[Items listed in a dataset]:
☆ ☆ ☆
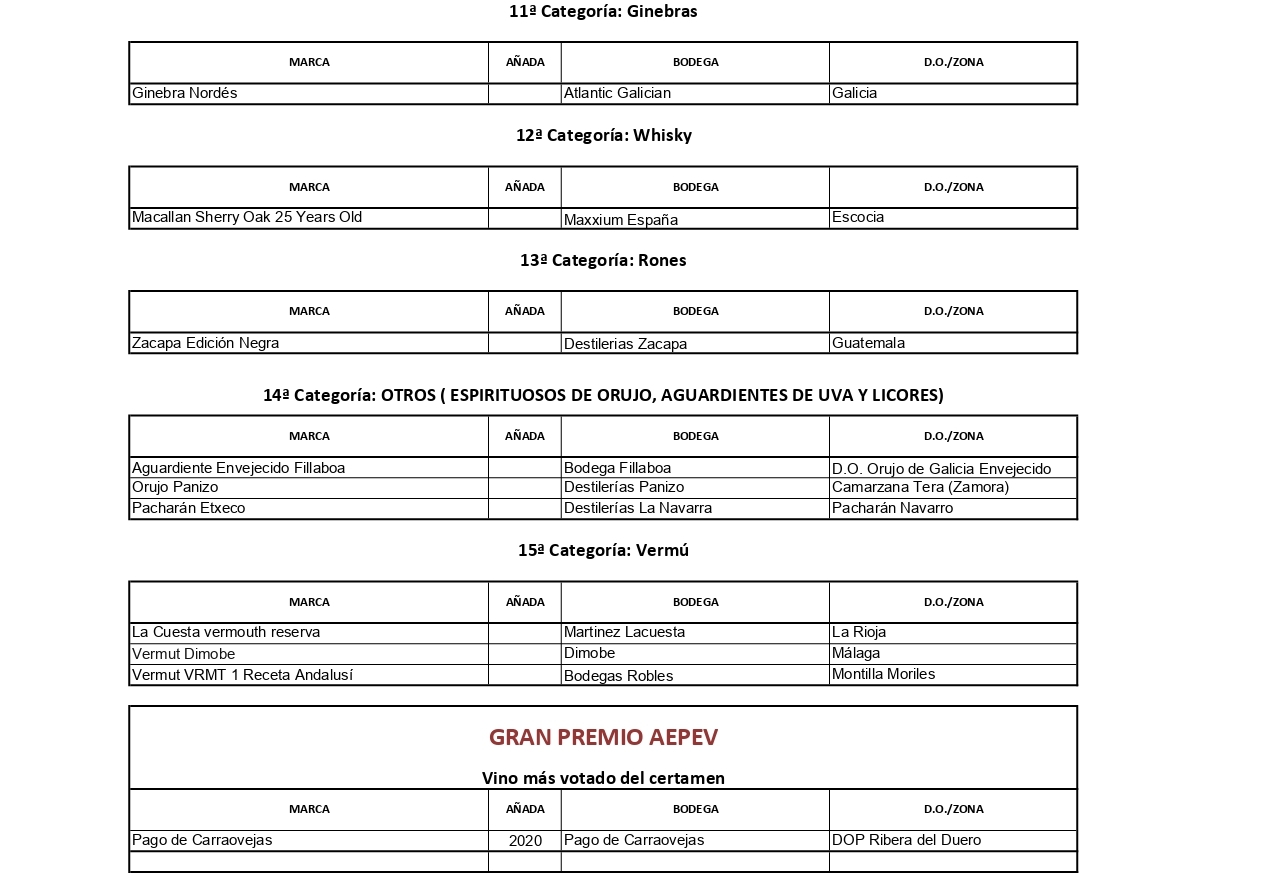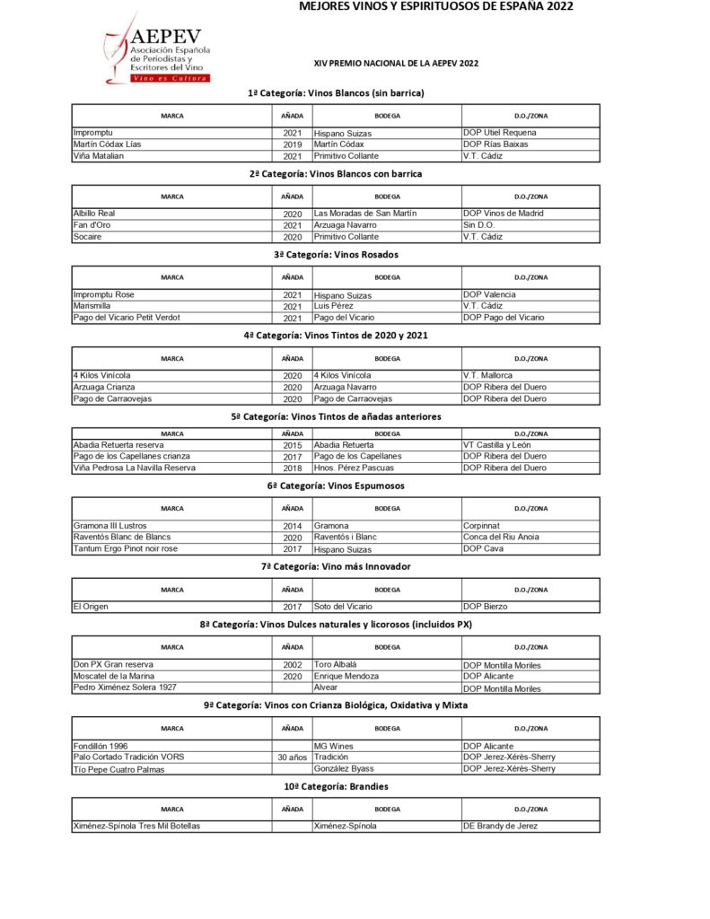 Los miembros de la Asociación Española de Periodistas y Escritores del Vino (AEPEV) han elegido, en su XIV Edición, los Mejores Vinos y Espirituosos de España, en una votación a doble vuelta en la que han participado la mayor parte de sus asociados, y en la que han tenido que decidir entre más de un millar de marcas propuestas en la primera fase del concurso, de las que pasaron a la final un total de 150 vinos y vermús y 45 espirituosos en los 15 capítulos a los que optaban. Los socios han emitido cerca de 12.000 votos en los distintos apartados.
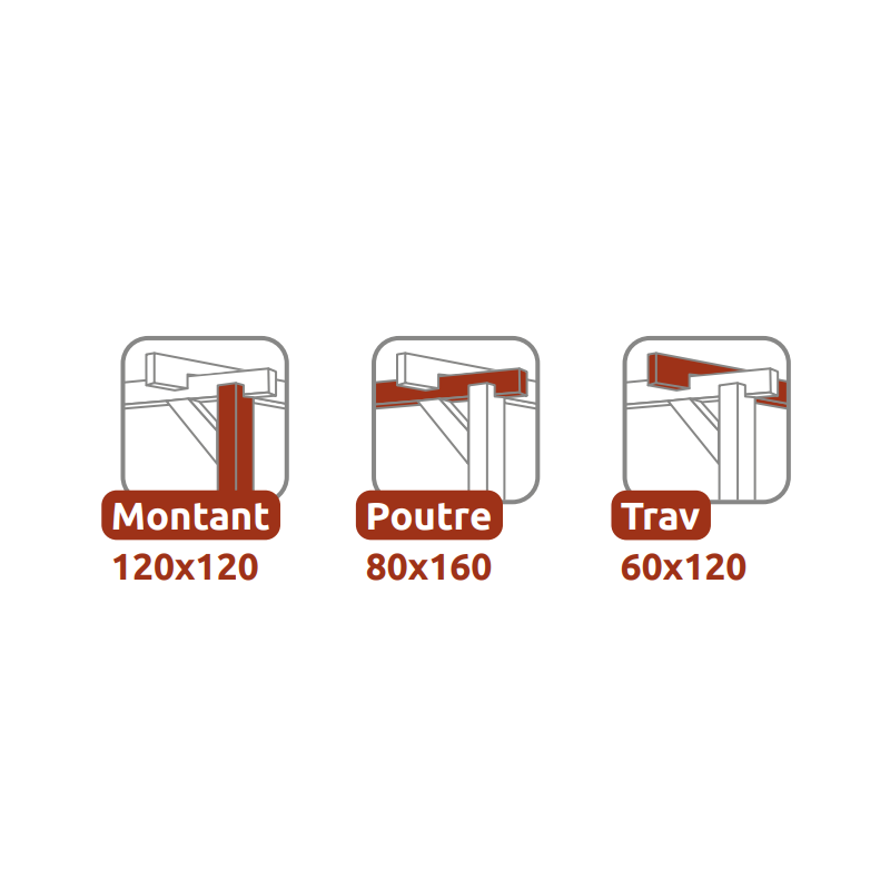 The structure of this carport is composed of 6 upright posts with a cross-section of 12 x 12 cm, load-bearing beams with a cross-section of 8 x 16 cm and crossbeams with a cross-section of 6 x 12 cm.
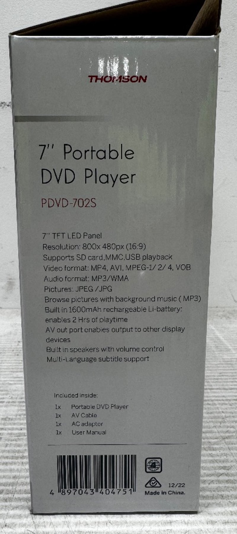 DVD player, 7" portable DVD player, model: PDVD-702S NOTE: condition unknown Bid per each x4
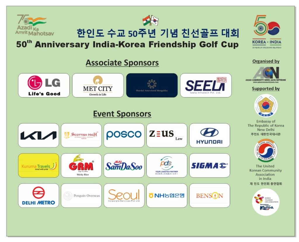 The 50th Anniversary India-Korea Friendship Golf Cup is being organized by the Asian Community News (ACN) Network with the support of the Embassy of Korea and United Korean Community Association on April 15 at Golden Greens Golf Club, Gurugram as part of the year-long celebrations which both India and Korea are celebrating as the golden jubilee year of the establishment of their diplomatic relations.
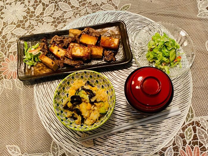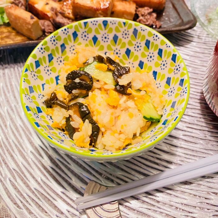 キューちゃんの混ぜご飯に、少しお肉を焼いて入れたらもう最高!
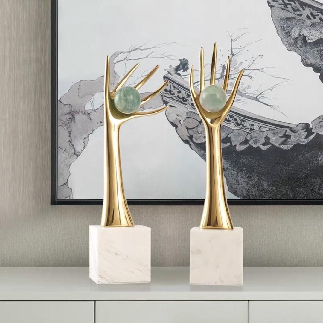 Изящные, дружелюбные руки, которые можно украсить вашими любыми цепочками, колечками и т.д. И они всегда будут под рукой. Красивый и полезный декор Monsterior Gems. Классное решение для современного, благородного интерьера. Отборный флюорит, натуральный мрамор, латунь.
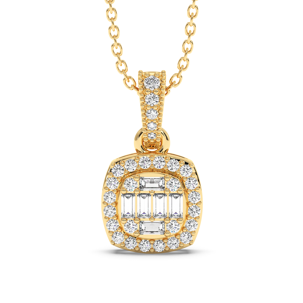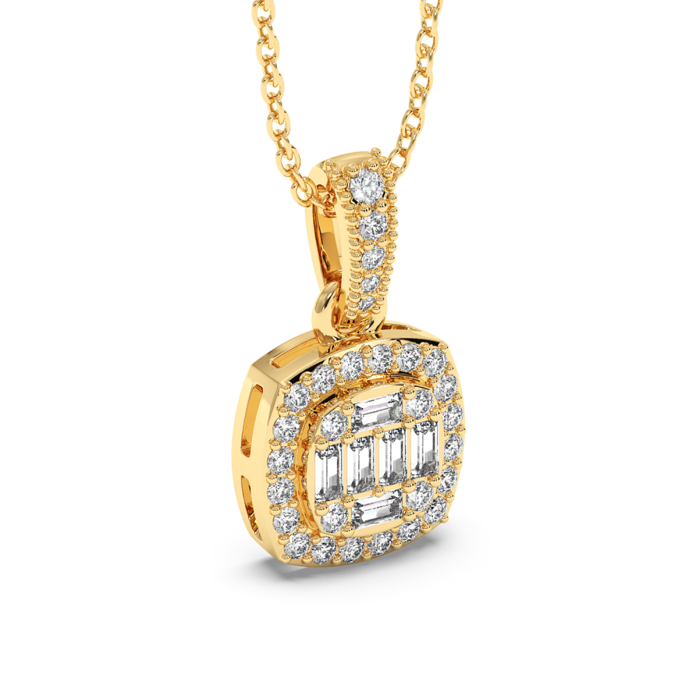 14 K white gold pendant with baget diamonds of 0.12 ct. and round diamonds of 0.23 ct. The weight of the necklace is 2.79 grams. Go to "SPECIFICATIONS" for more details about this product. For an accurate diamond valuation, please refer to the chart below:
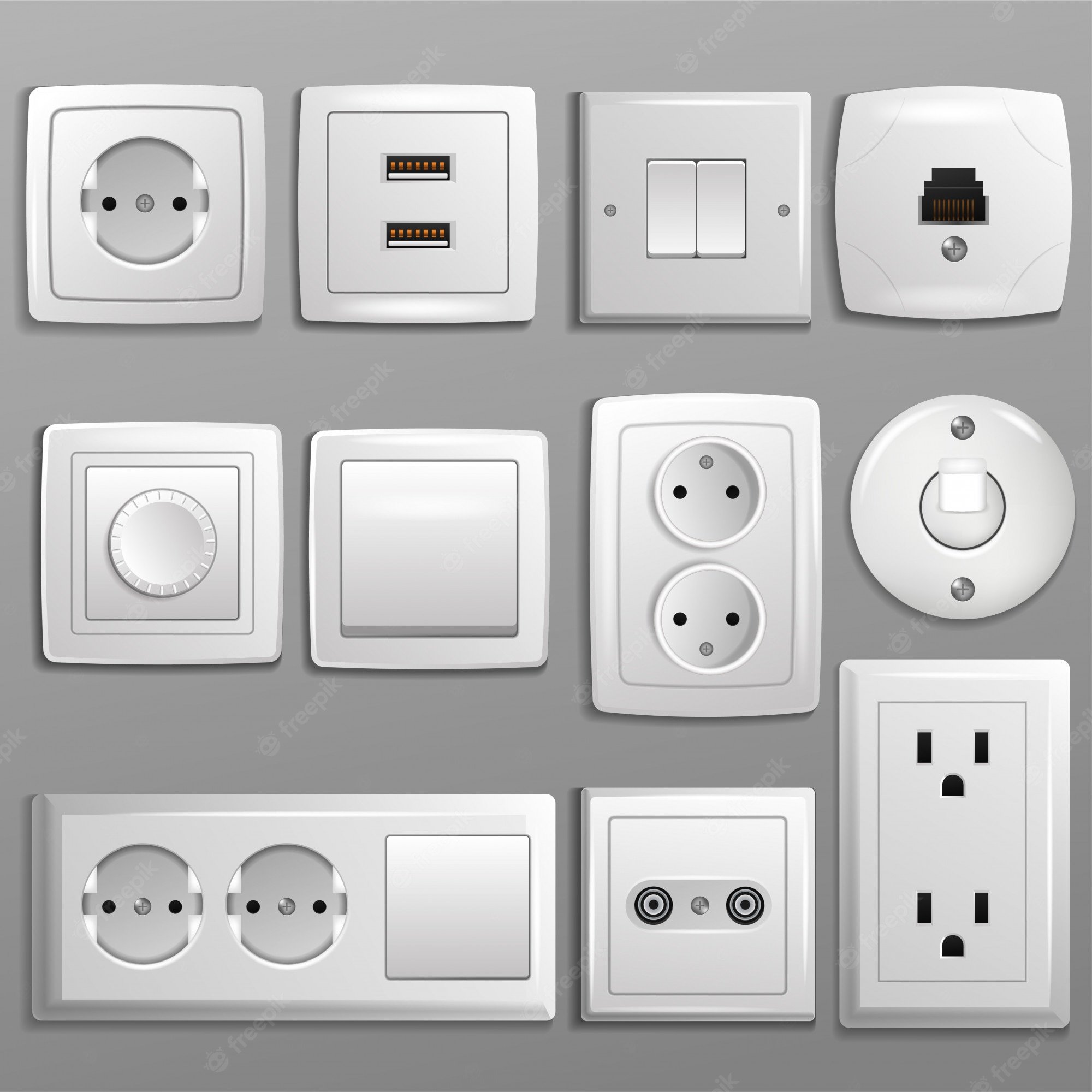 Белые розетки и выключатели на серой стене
☆ ☆ ☆
[To do]: Every record above should be written out again exactly; the pictures stay out of the copy.

[Output for this task]:
 Los miembros de la Asociación Española de Periodistas y Escritores del Vino (AEPEV) han elegido, en su XIV Edición, los Mejores Vinos y Espirituosos de España, en una votación a doble vuelta en la que han participado la mayor parte de sus asociados, y en la que han tenido que decidir entre más de un millar de marcas propuestas en la primera fase del concurso, de las que pasaron a la final un total de 150 vinos y vermús y 45 espirituosos en los 15 capítulos a los que optaban. Los socios han emitido cerca de 12.000 votos en los distintos apartados.
 The structure of this carport is composed of 6 upright posts with a cross-section of 12 x 12 cm, load-bearing beams with a cross-section of 8 x 16 cm and crossbeams with a cross-section of 6 x 12 cm.
 DVD player, 7" portable DVD player, model: PDVD-702S NOTE: condition unknown Bid per each x4
 The 50th Anniversary India-Korea Friendship Golf Cup is being organized by the Asian Community News (ACN) Network with the support of the Embassy of Korea and United Korean Community Association on April 15 at Golden Greens Golf Club, Gurugram as part of the year-long celebrations which both India and Korea are celebrating as the golden jubilee year of the establishment of their diplomatic relations.
 キューちゃんの混ぜご飯に、少しお肉を焼いて入れたらもう最高!
 Изящные, дружелюбные руки, которые можно украсить вашими любыми цепочками, колечками и т.д. И они всегда будут под рукой. Красивый и полезный декор Monsterior Gems. Классное решение для современного, благородного интерьера. Отборный флюорит, натуральный мрамор, латунь.
 14 K white gold pendant with baget diamonds of 0.12 ct. and round diamonds of 0.23 ct. The weight of the necklace is 2.79 grams. Go to "SPECIFICATIONS" for more details about this product. For an accurate diamond valuation, please refer to the chart below:
 Белые розетки и выключатели на серой стене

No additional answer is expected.